In each laugh, a tear falls. Such a difficult way to cope, but the only way I’ve understood now.
Overzealous pride, . A silly waste of time, a struggle that is honestly not with anyone else, but the self:
All to reinforce a sense of self.
I carry my fraudulent ways with me, always visible, a part of the long walk.a part of my own reflection.
A part of of what made me, a part from me.
It’s hard to see your life go right before your eyes.
A life begins, yet the urge to reinforce some kind of conceptualized security remains.
In that old security, in the old unrest, I still project that there is peace, because there was happiness.
Yet now there is not. Just the feeling that there is something to look back on, and those thoughts slow down my journey with glances of what is past.
.There WAS love there, There was ALOT of pain there.
Guilt beguils, but there is no reason to feel guilt.
Nothing can be done. Apologies are just afterthoughts.
Talk is cheap, while smooth and honest change is open..
Honesty is like the sun shining upon us in our flight, the clouds above flow with winds of change..
Change speaks for itself .
The beautiful connections that were made remain. Those can come with on that beautiful journey of the self, while others shall be let to pass by.
Excising one, to exercise the other.
Everything is everything and the weather is getting hetter.
A hard homecoming for new perspectives.
A tough recovery from a hard imprisoned life.
Breaking down all the falsehoods,, the fraudulent wakings of culture, the fraudulent need for perpetual understanding. All reflective, and most disgusting.

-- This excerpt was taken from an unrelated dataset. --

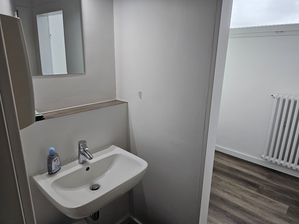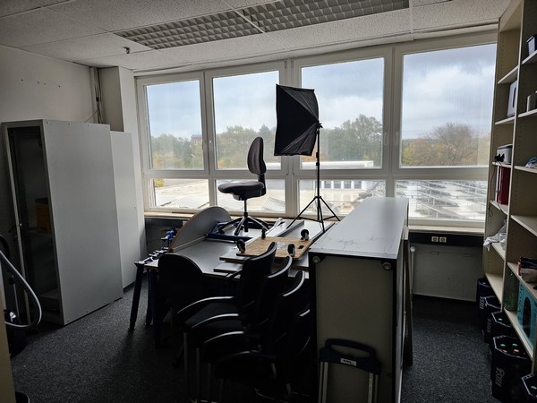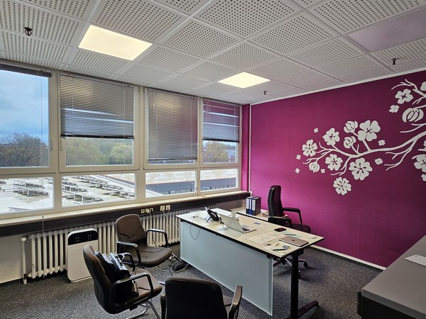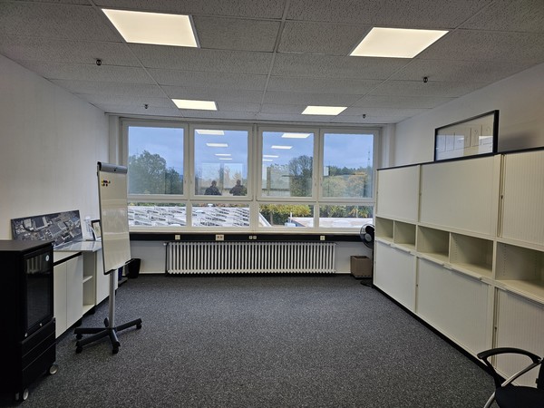 Boden Nadelfilz, Wände weiß, großenteils Leichtbauwände.

Our peace is in ourselves.
In my past I’ve been reckless, bitter, angry, relentless, selfish -and even out right mean.
Perhpas that’s why this new life starts off so hard.
Those years of blindness.
Learning to see in a positive light is a challenge in itself. We do eventually “reep what we sew”
Karma is a very real thing
.
We just have to remember that it’s okay to get rid of that farm.
I love on cautiously, slowly, and defensive- but realize thats’s just a rouse to keep me content and feeling in control. Which makes trust barely pliable. Leaves a defeatist trying to win- a paradox that may imprison.
Stressors keep me busy, and the best neighbors I claim to be a fence. At least at this point, the future is open.
I push away contact because my vulnerability pulls and pushes me around like a top. Yet, in an odd way I still feel the need to justify my being.
Selfishness abated., still mysteriously jaded. Open.